**WHAT TO WORK ON:** Please retype the records below exactly as they appear, but leave out the pictures.

[THE INPUT — start]

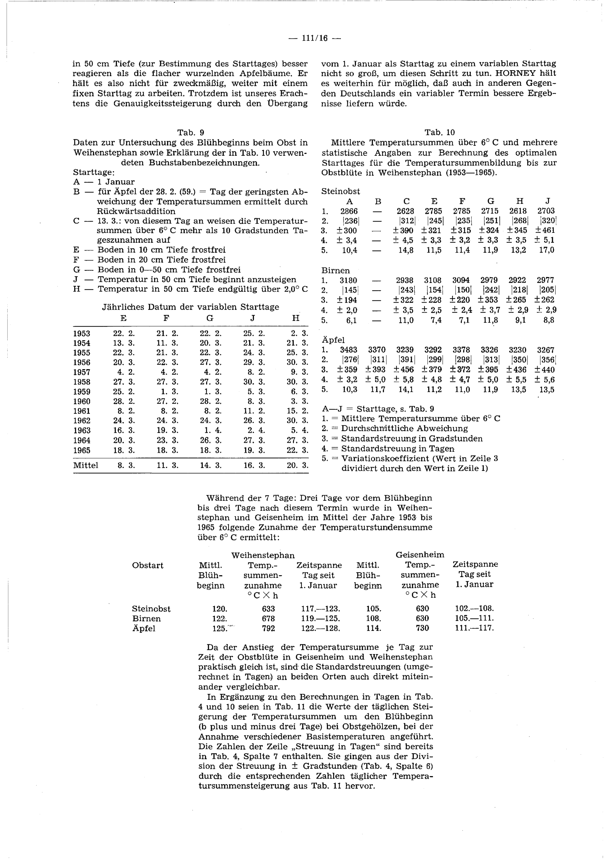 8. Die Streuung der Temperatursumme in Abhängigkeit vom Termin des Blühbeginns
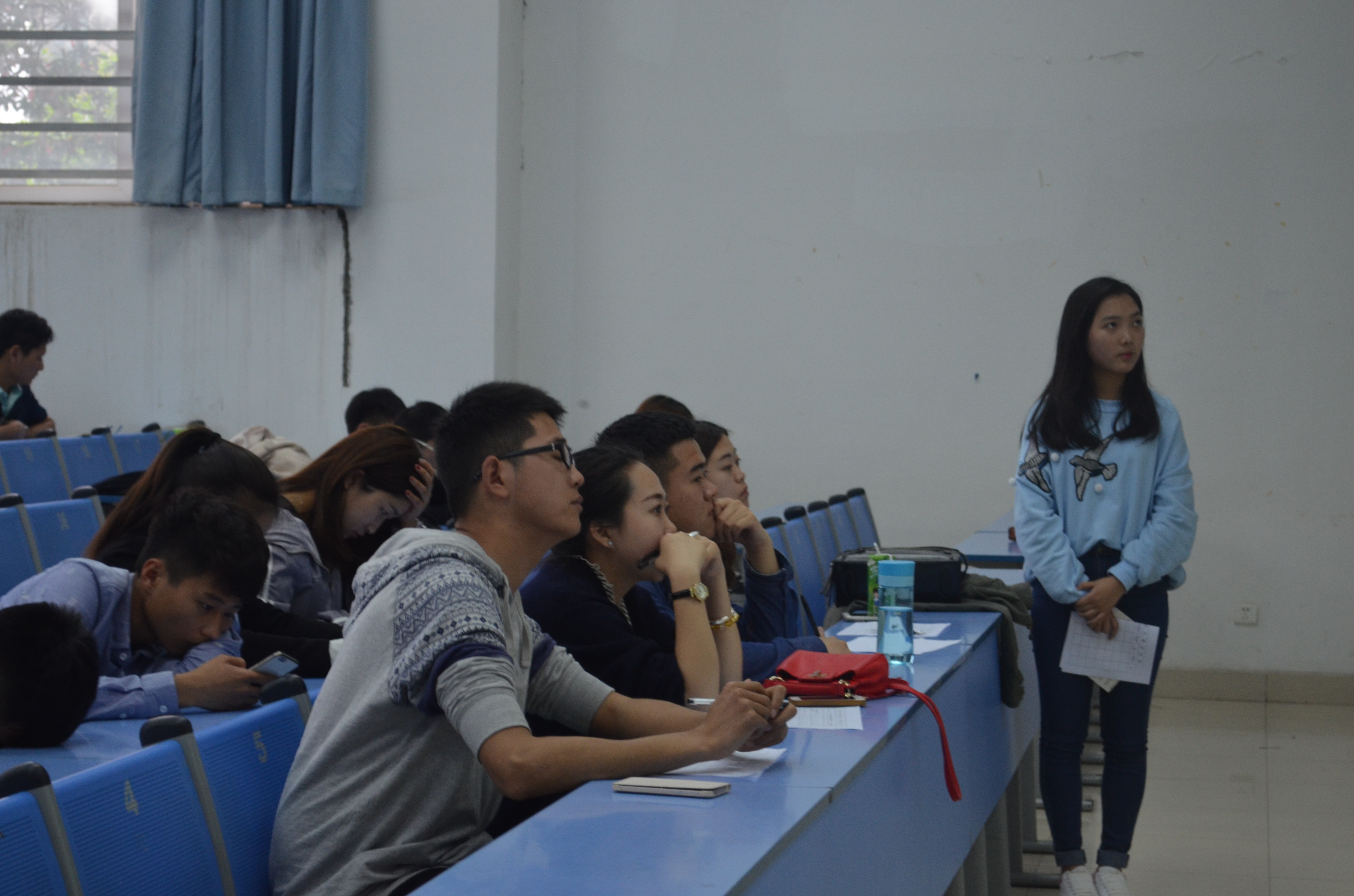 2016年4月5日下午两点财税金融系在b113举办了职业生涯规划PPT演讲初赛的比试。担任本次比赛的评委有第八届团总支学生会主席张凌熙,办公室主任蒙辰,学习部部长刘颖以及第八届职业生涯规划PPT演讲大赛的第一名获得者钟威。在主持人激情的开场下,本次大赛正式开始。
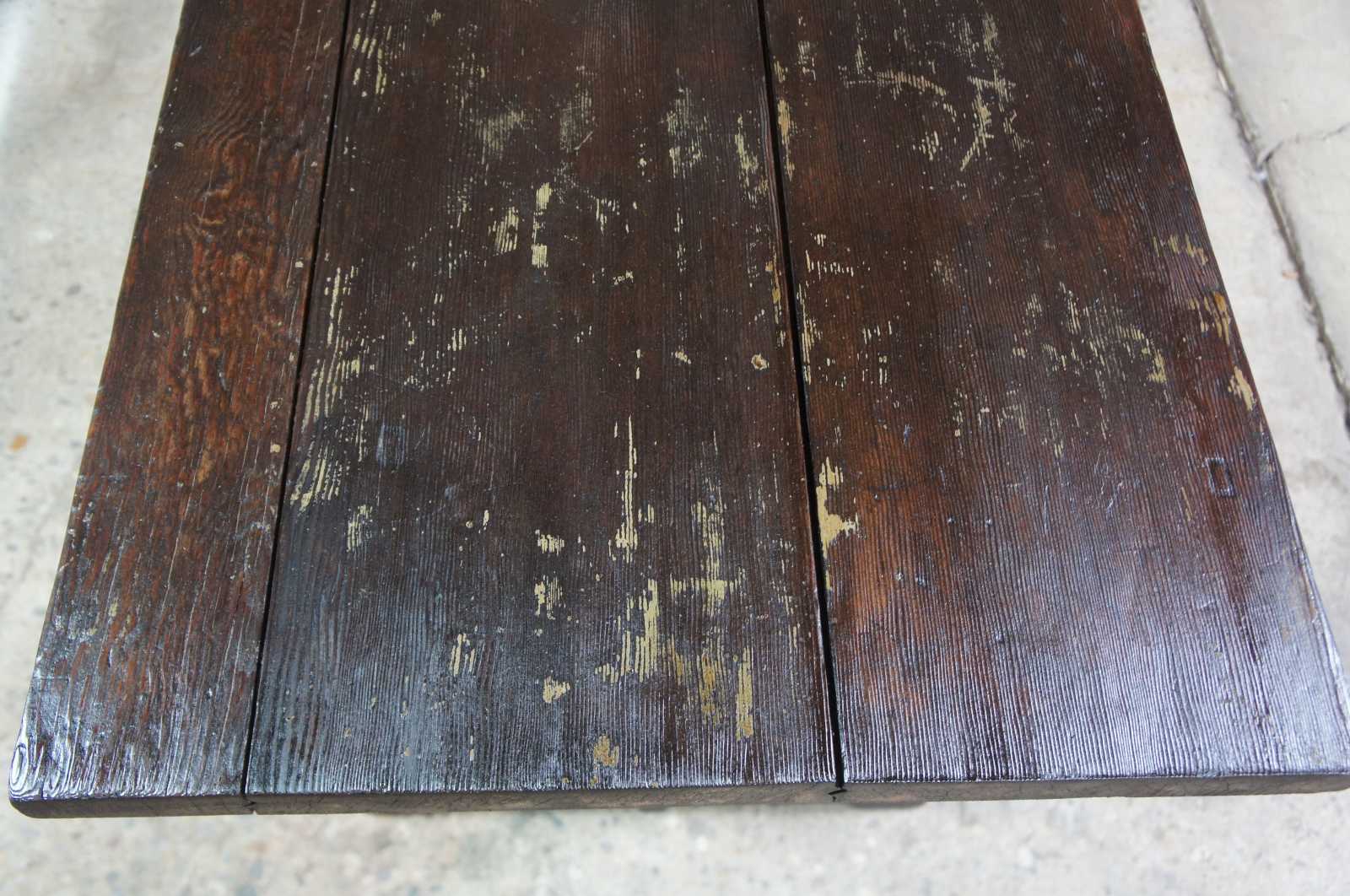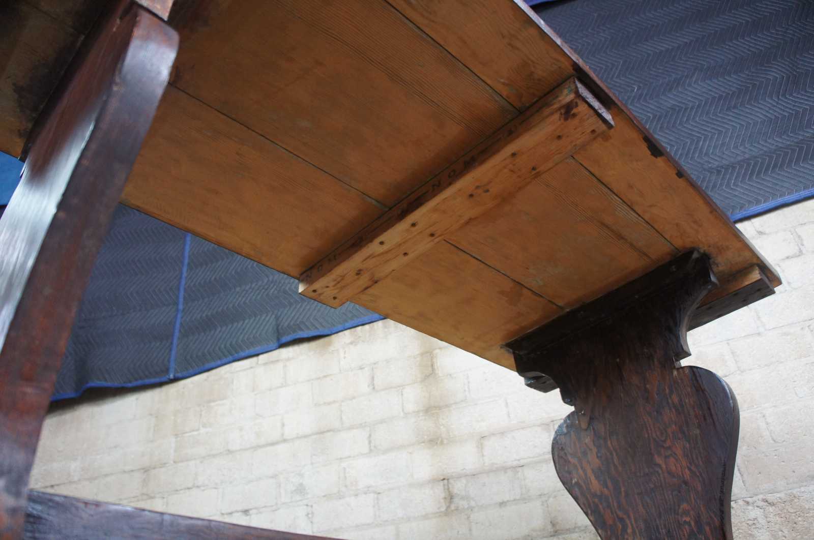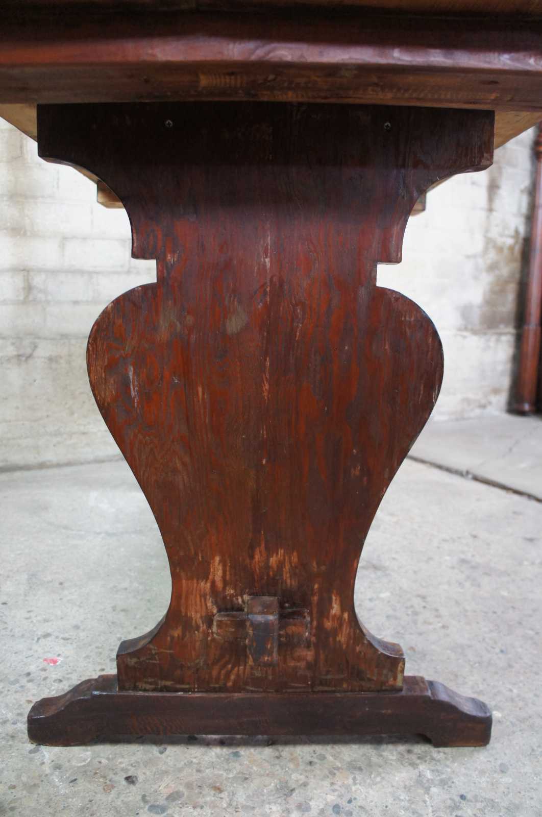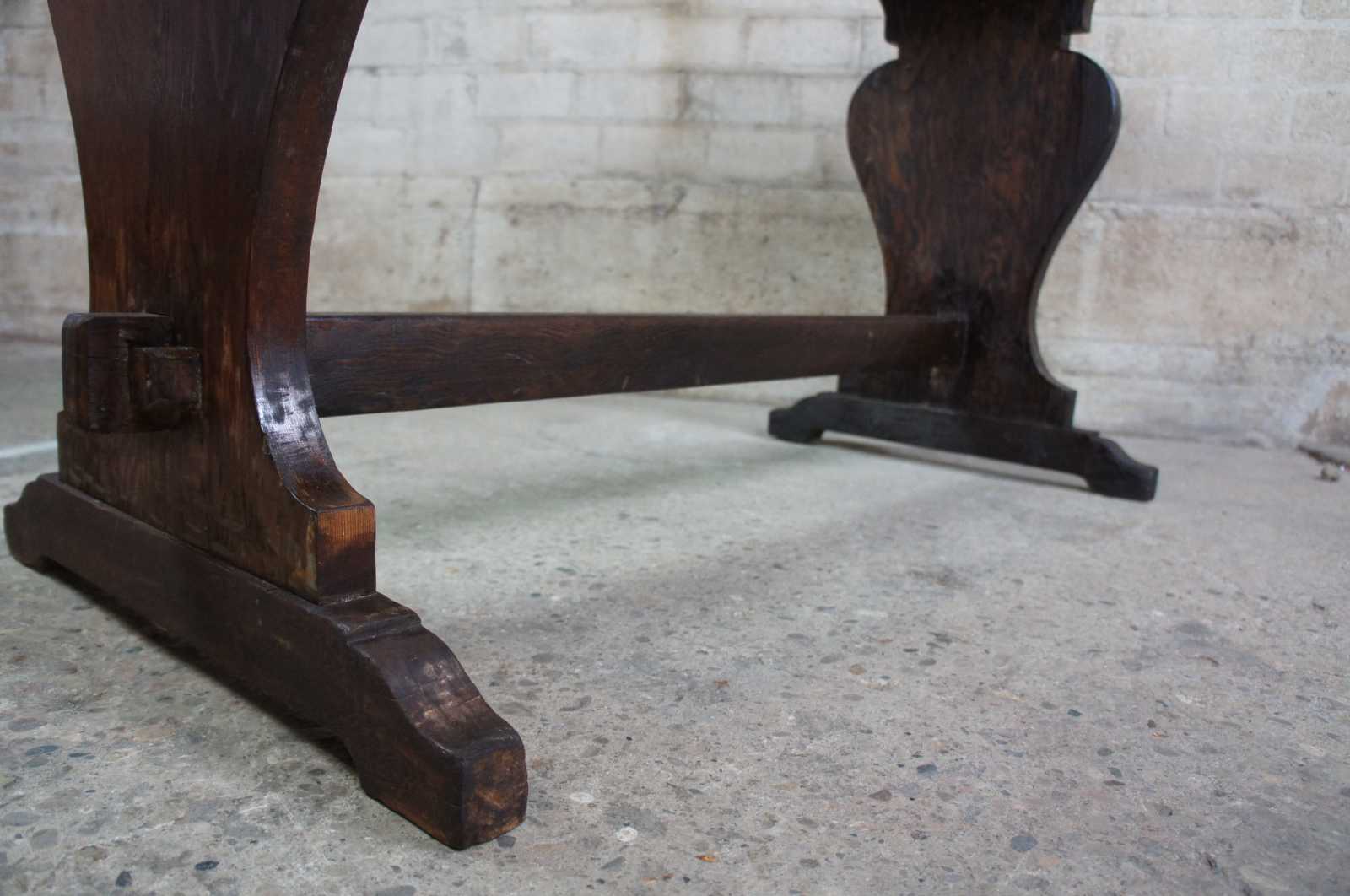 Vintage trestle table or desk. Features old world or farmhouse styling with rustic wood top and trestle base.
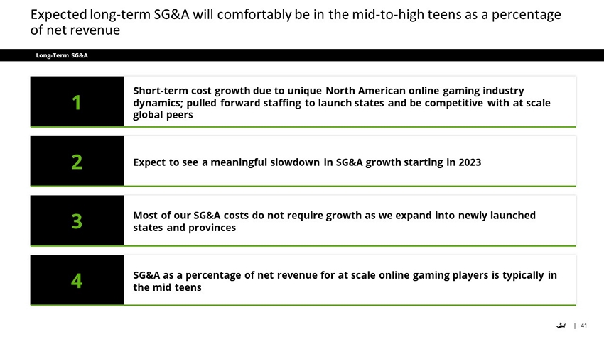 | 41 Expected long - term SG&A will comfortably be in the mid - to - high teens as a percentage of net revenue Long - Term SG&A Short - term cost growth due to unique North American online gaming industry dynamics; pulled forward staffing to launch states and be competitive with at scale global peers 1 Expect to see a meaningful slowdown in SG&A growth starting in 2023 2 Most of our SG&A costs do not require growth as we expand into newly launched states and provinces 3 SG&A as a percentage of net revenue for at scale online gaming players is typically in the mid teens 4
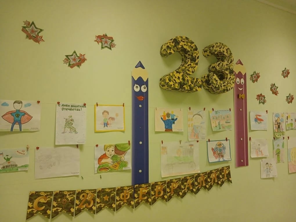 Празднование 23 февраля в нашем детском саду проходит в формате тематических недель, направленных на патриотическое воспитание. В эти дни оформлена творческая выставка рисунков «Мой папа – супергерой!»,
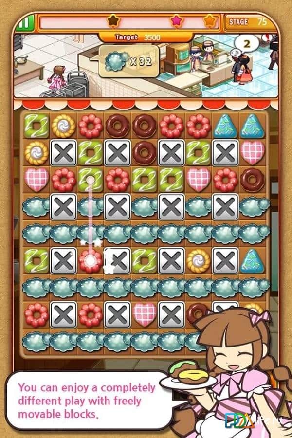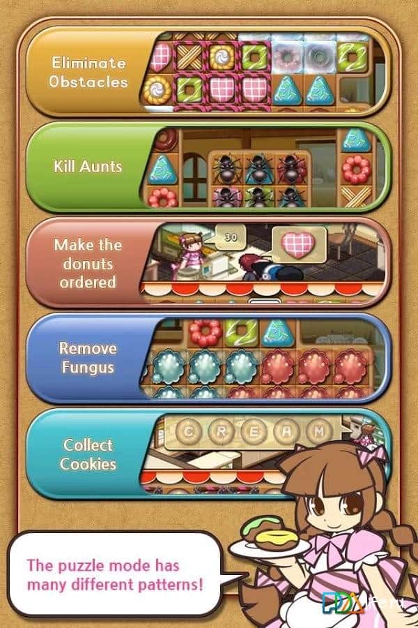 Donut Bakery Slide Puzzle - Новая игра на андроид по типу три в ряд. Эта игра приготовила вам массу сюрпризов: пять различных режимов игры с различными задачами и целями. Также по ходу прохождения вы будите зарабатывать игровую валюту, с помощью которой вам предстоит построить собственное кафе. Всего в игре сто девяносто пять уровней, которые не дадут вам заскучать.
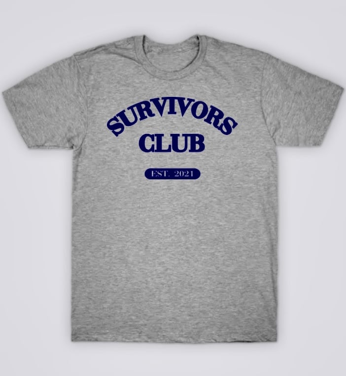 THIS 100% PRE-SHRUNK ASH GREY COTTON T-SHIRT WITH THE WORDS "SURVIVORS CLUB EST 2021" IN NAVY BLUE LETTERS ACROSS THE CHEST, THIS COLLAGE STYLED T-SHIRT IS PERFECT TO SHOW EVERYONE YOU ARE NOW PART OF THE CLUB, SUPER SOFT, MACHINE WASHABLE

[THE INPUT — finish]

**RESULT FOR THIS TASK:**
 8. Die Streuung der Temperatursumme in Abhängigkeit vom Termin des Blühbeginns
 2016年4月5日下午两点财税金融系在b113举办了职业生涯规划PPT演讲初赛的比试。担任本次比赛的评委有第八届团总支学生会主席张凌熙,办公室主任蒙辰,学习部部长刘颖以及第八届职业生涯规划PPT演讲大赛的第一名获得者钟威。在主持人激情的开场下,本次大赛正式开始。
 Vintage trestle table or desk. Features old world or farmhouse styling with rustic wood top and trestle base.
 | 41 Expected long - term SG&A will comfortably be in the mid - to - high teens as a percentage of net revenue Long - Term SG&A Short - term cost growth due to unique North American online gaming industry dynamics; pulled forward staffing to launch states and be competitive with at scale global peers 1 Expect to see a meaningful slowdown in SG&A growth starting in 2023 2 Most of our SG&A costs do not require growth as we expand into newly launched states and provinces 3 SG&A as a percentage of net revenue for at scale online gaming players is typically in the mid teens 4
 Празднование 23 февраля в нашем детском саду проходит в формате тематических недель, направленных на патриотическое воспитание. В эти дни оформлена творческая выставка рисунков «Мой папа – супергерой!»,
 Donut Bakery Slide Puzzle - Новая игра на андроид по типу три в ряд. Эта игра приготовила вам массу сюрпризов: пять различных режимов игры с различными задачами и целями. Также по ходу прохождения вы будите зарабатывать игровую валюту, с помощью которой вам предстоит построить собственное кафе. Всего в игре сто девяносто пять уровней, которые не дадут вам заскучать.
 THIS 100% PRE-SHRUNK ASH GREY COTTON T-SHIRT WITH THE WORDS "SURVIVORS CLUB EST 2021" IN NAVY BLUE LETTERS ACROSS THE CHEST, THIS COLLAGE STYLED T-SHIRT IS PERFECT TO SHOW EVERYONE YOU ARE NOW PART OF THE CLUB, SUPER SOFT, MACHINE WASHABLE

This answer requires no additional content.